Упоминание раскрытого окна дает движению образов несколько иное направление, соскальзывая в другую, но столь же укорененную в повседневном быту ситуацию: хозяева ушли, позабыв затворить окна, «меж тем» начался ливень, комнаты залило. Ворвавшийся вихрь (он распахивает окна со стуком, буквально «вламывается») взметает залежи пыли поверх комодов; миниатюрные смерчи пыли бешено вращаются над комодами, как велосипедные колеса. Позволю себе предположить, что в обиходе начала века, как и в нынешние времена, наилучшим местом для хранения велосипеда, чтобы не занимать им пространство комнаты, было на шкафу или комоде. Сверхъестественная скорость бешеной скачки. По-видимому, Фауст с Мефистофелем «высыпают» за город по-современному, на велосипедах (отсюда невероятная скорость их бешеных «коней»), память о которых хранит пыль на комодах. Условный образ средневекового Лейпцига оживляется, преображаясь в университетский немецкий город начала века. В представлении возникает картина жизни двух приятелей на студенческую ногу — их жилище со случайной мебелью, всеми этими столетними «комодами», поверх которых небрежно наброшены велосипеды, бешеная гонка вместо чинной воскресной экскурсии за город и вызывающая беззаботность по отношению к тому, как повелось «у всех», то есть к бюргерским правилам хорошего тона. Во всем образном строе восьмистишия нет ни одной детали, которая не апеллировала бы к рутине быта с предельной прямотой и непосредственностью.

Есть соблазн вспомнить слова Ахматовой о соре, из которого растут стихи, не ведая стыда; однако в применении к Пастернаку этот афоризм нуждается в оговорке.

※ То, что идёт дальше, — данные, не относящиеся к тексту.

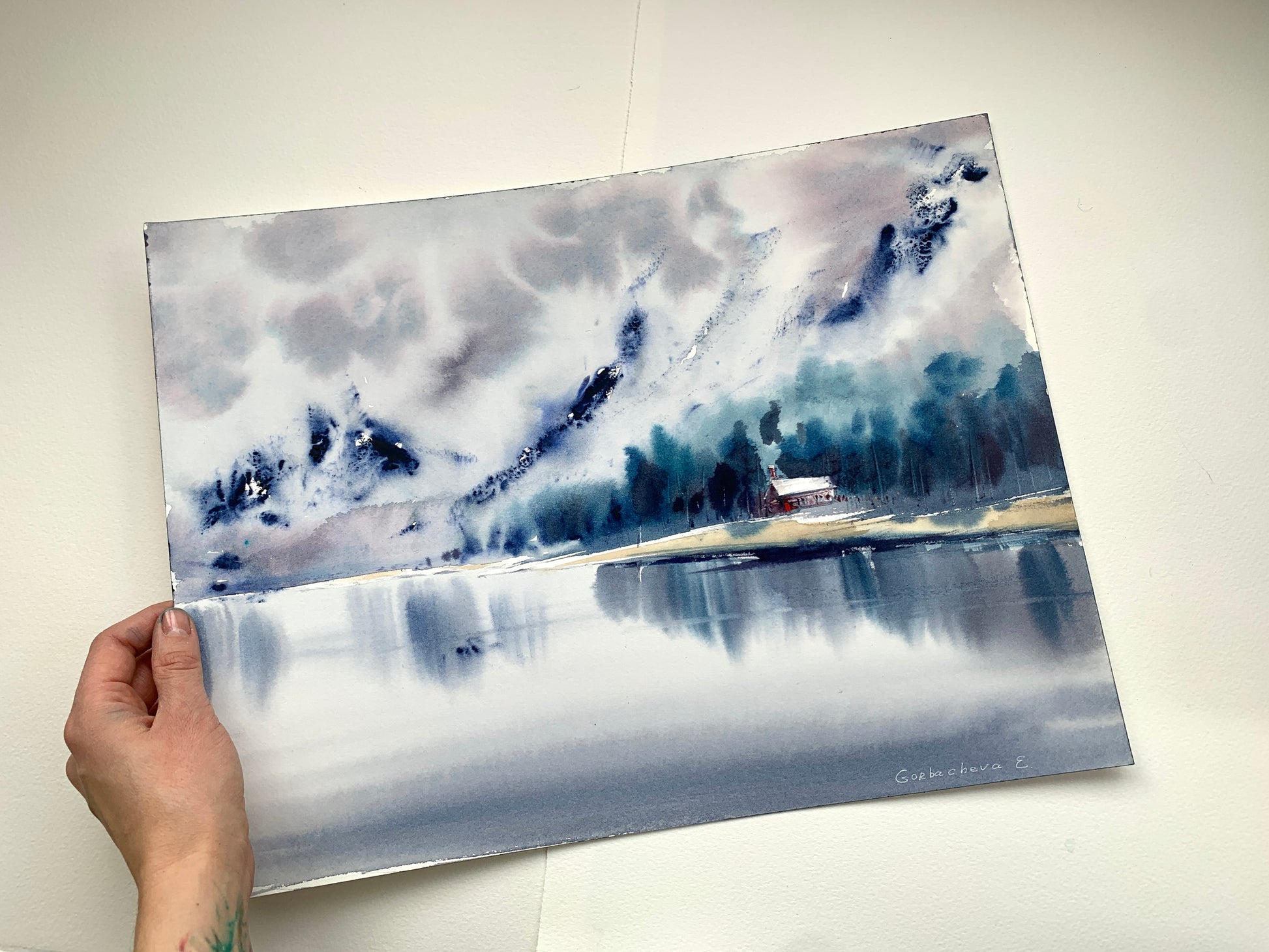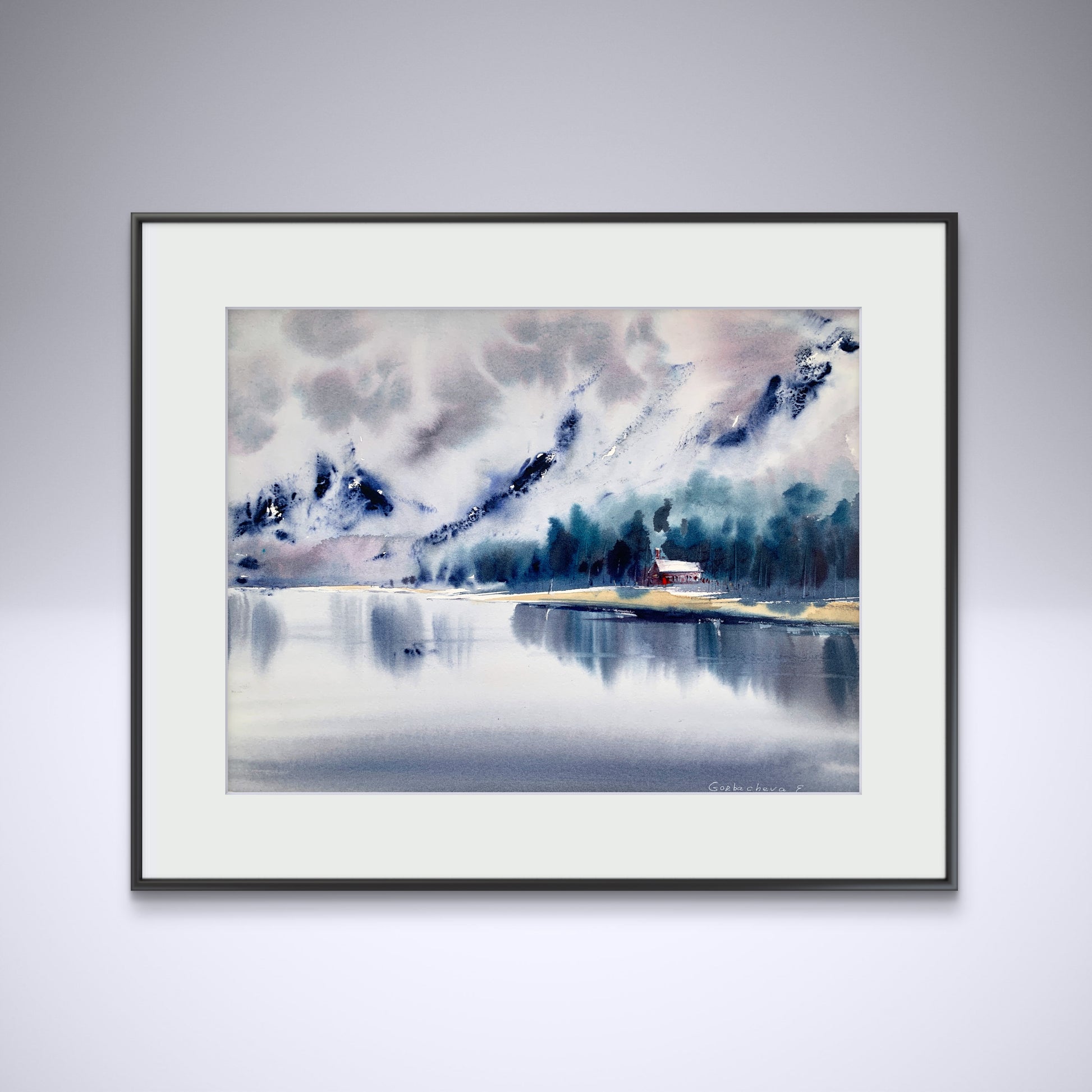 Bring the serene beauty of a winter forest into your home with this original watercolor painting. Featuring a charming red cabin tucked away among snow-dusted pines, this piece captures the quiet magic of a frosty morning by the lake. The soft blue and grey palette creates a calming atmosphere, perfect for a cozy living room or bedroom. Whether you are looking for a unique Christmas gift or a seasonal update for your gallery wall, this atmospheric landscape evokes peace and winter wonder.

Дело в том, что банальность повседневности для Пастернака не является «сором». Повседневная действительность «быта», во всей ее привычной, нередко грубовато-сниженной тривиальности — это и есть «жизнь», запечатление которой составляет кардинальную задачу поэтического творчества[20]. Чрезвычайная сложность этой задачи коренится, с одной стороны, именно в привычности повседневности, ее предсказуемости, полной готовности, с которой она подчиняется инерции готовых представлений и языковых формул, а с другой — в той головокружительной скорости, с которой эти привычные образы и их идиоматические языковые отображения дробятся и растекаются в потоке мгновенных впечатлений, хаотически теснящихся, скрещивающихся, громоздящихся друг на друга, — так, как это происходит с нами в повседневном существовании, в каждое его мгновение.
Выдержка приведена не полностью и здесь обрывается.